Мальчик из Ленинграда - Нина Раковская
Шрифт:
Интервал:
Закладка:
Дверь была заперта. Я постоял немного и пошёл к выходу посмотреть на круглые стенные часы. Было ровно восемь. Может, уйти? Вдруг ещё долго придётся ждать? Но я вспомнил вчерашнее и подумал: будь что будет, останусь тут! Я присел около стены на корточки, и тревожные мысли сами лезли мне в голову. Вдруг правда отправят меня в другой детдом? «Не пойду. Ни за что. Лучше убегу. К Гале пойду. На работу устроюсь в больницу…»
Входная дверь хлопнула. По коридору шла знакомая девушка-узбечка.
Она узнала меня и издали поздоровалась.
— Получил письмо? — спросила она ласково. — Я тебе его неделю назад отправила. В детдом.
Сердце у меня забилось. Про какое письмо она говорит? Я не получал письма. Вдруг это плохое письмо… Я низко нагнул голову, я испугался.
— Ты не огорчайся, — сказала девушка. — Твоя мама без вести пропала, а не погибла. Сейчас многие… Не бойся!
Я не слышал, что девушка говорила дальше. Мне хотелось уйти из военкомата, остаться одному. Пропала без вести… У немцев в плену или навсегда, совсем пропала? Лицо у меня горело. Я пошёл по коридору. У входной двери прижался лицом к холодному стеклу, увидал, что ветер на улице ломает ветки, кружит белые лепестки. А по стеклу стекают крупные капли дождя.
Это был не ветер, а ураган.
Я не знал, что мне делать. Вспоминал, как собирала мама мой заплечный мешок в дорогу, как мы шли в последний раз в бомбоубежище и она успокаивала меня. Неужели я больше не увижу её? И мне захотелось сейчас же ехать отыскивать её. На фронт, в тыл к немцам, только бы найти маму!

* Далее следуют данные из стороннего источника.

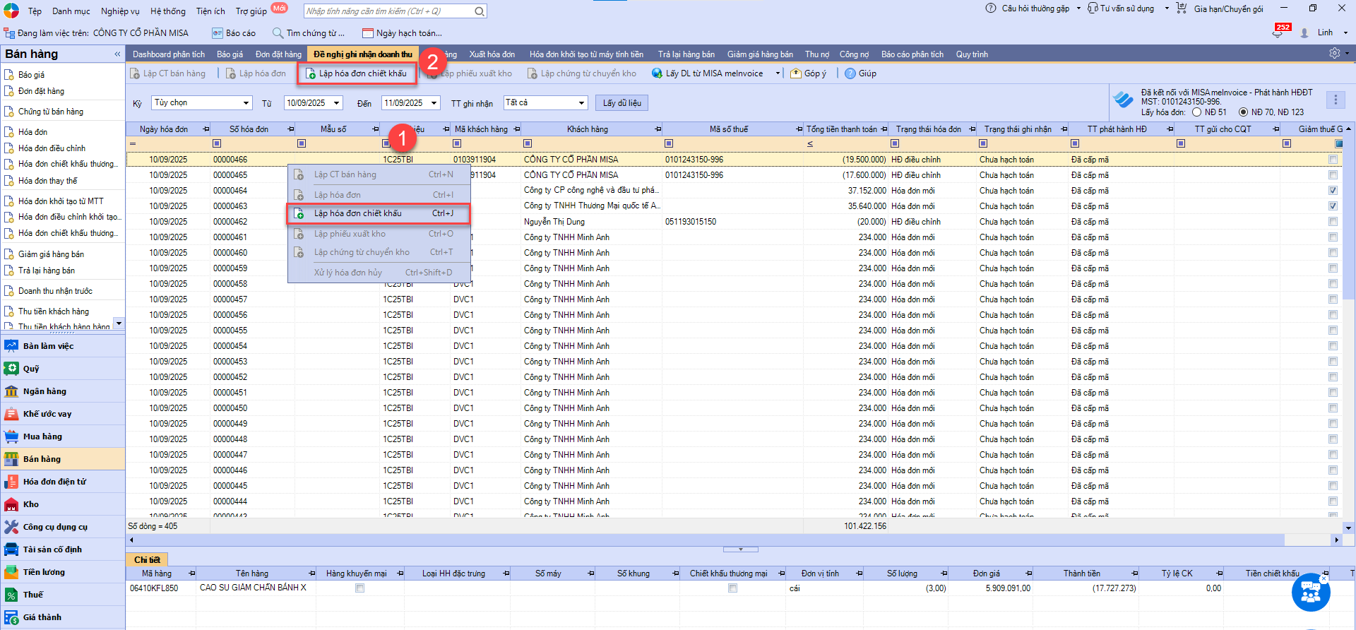 2. Chọn Lập hóa đơn chiết khấu trên thanh chức năng (Hoặc nhấn chuột phải, chọn Lập hóa đơn chiết khấu).
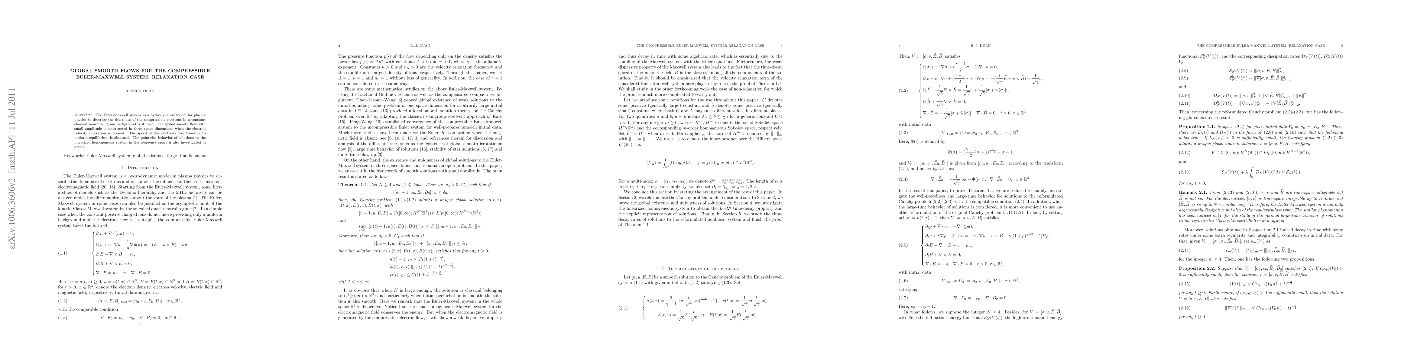 The Euler-Maxwell system as a hydrodynamic model for plasma physics to describe the dynamics of the compressible electrons in a constant charged non-moving ion background is studied. The global smooth flow with small amplitude is constructed in three space dimensions when the electron velocity relaxation is present. The speed of the electrons flow trending to uniform equilibrium is obtained. The pointwise behavior of solutions to the linearized homogeneous system in the frequency space is also investigated in detail.
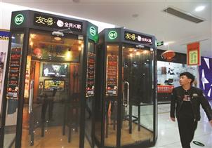 昨日,在市区一家商超大楼,市民从无人KTV旁走过。 近日,上海的一家“无人面馆”因“涉嫌超范围经营”被叫停,一时间将“无人”概念推向风口浪尖。虽然“
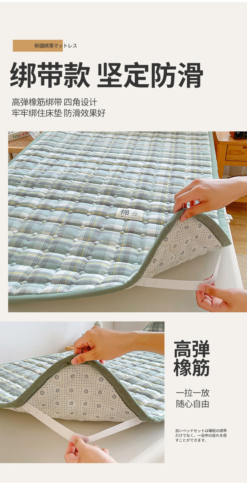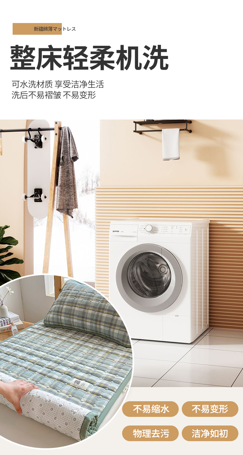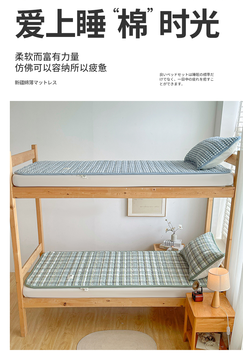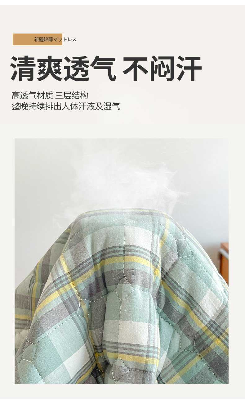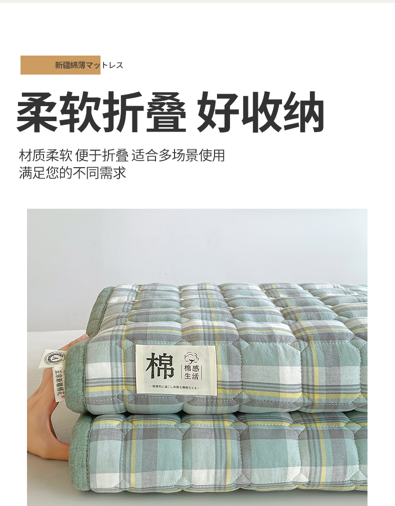 • 91家纺网 家纺一手货源 找家纺 梵朴 2025新款A类无印风水洗棉夹棉新疆棉花宿舍学生床垫床护垫 简析绿

Не помню, как я вышел из военкомата. Плохо помню, как добрался до чайханы. Идти было трудно, от дождя земля сразу распухла, стала скользкой. Ноги у меня разъезжались. Свернув с улицы Навои в наш переулок, я лицом к лицу столкнулся с тем новеньким, которого вчера привели к нам в детдом. У новенького под мышкой был свёрток.
Я вспомнил, что новенький вчера не ночевал в детдоме. Садыков поздно вечером зашёл к нам в спальню, спросил, кто его последним видел.
— Ты из детдома? — остановил я его.
Он отрицательно мотнул головой и бросился в сторону.
— Вожатый идёт! — крикнул он. — Бежим!
Новенький побежал по переулку, и я за ним. Мы пролезли в дыру с доской от выломанной двери, пересекли маленький узбекский двор и очутились на сквере.
Посреди сквера стояла фанерная будка. Вот тебе и раз! Ведь это сюда меня картавый мальчишка ночью завёл. Новенький подбежал к будке, открыл дверцу, и мы спрятались в фанерной будке.
Бегство
В будке стояли две пустые бочки. Я взобрался на бочку и через щели в стене стал смотреть, что делается снаружи.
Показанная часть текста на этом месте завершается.